遅れてきた大物が登場。音無調教師がダービーを意識したアドミラブル

2017年クラシック候補たち
第9回:アドミラブル

 皐月賞が終わり、いよいよ"競馬の祭典"となるGI日本ダービー(5月28日/東京・芝2400m)へ向けて、競馬界の盛り上がりは日に日に増していく。そんななか、まさに「遅れてきた大物」と呼ぶにふさわしい1頭が、ダービー戦線で急浮上している。

 栗東トレセン(滋賀県)の音無秀孝厩舎に所属する、アドミラブル(牡3歳/父ディープインパクト)である。
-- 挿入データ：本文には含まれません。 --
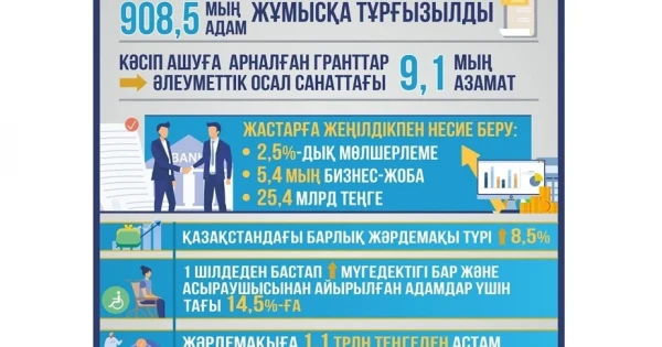 - حالىقتىڭ الەۋمەتتىك وسال توپتارىنان شىققان ازاماتتارعا بيزنەس اشۋ ءۇشىن 400 اەك (شامامەن 1,3 ملن تەڭگە) كولەمىندە 9,1 مىڭ مەملەكەتتىك گرانت بەرىلدى. وسىنىڭ ناتيجەسىندە جاڭا تىگىن شەبەرحانالارى, ناۋبايحانالار, سۇلۋلىق سالوندارى, ءسۇت ءوندىرۋ جانە باسقا دا كاسىپورىندار جۇمىس ىستەي باستادى.

「遅れてきた大物」といっても、デビューが遅かったわけではない。同馬は、昨年9月に初戦を迎えていた。しかし、先頭から2秒2も離された9着に惨敗した。

 思わぬ大敗を喫してレース後に同馬の状態を調べたところ、負けた理由が明らかになった。「ノド鳴り(※)」だったのである。
※「喘鳴症(ぜんめいしょう)」というサラブレッドの疾病。喉頭口が狭くなるために呼吸が苦しくなり、競走馬としては能力を発揮できなくなる。呼吸の際、大きな音を発することから「ノド鳴り」と呼ばれる。
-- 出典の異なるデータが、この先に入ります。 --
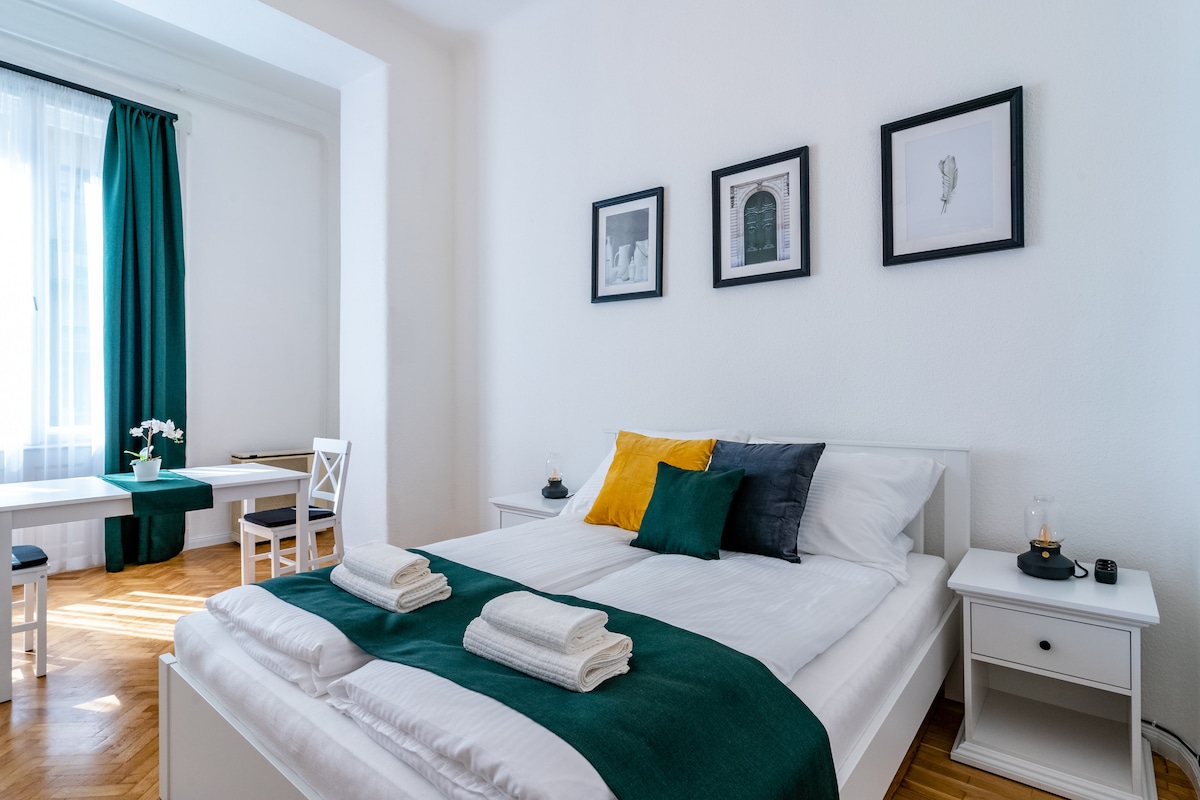 Contemporary designed suite of top quality is waiting for you in the very heart of Budapest - a short walking distance from most sights - and also perfectly connected with public transport. Our apartment has two double beds and can comfortably host 4 guests. We offer all the essentials: sheets, towels, fast Wifi, two AirCos, TV set, coffee machine, bluetooth speaker - and more: Book with us to receive our self-written Budapest guide packed with recommendations to make the most of your trip :-)

 陣営は、すぐに手術に踏み切った。そして、それが見事に功を奏した。

 今年3月に復帰すると、仕切り直しの一戦となった3歳未勝利(3月5日/阪神・芝1800m)で完勝。ハイペースのなか、1分45秒8の好タイムをマークした。その時計は、なんと当日に行なわれた同条件の古馬オープン戦、大阪城Sより1秒3も速かったのである。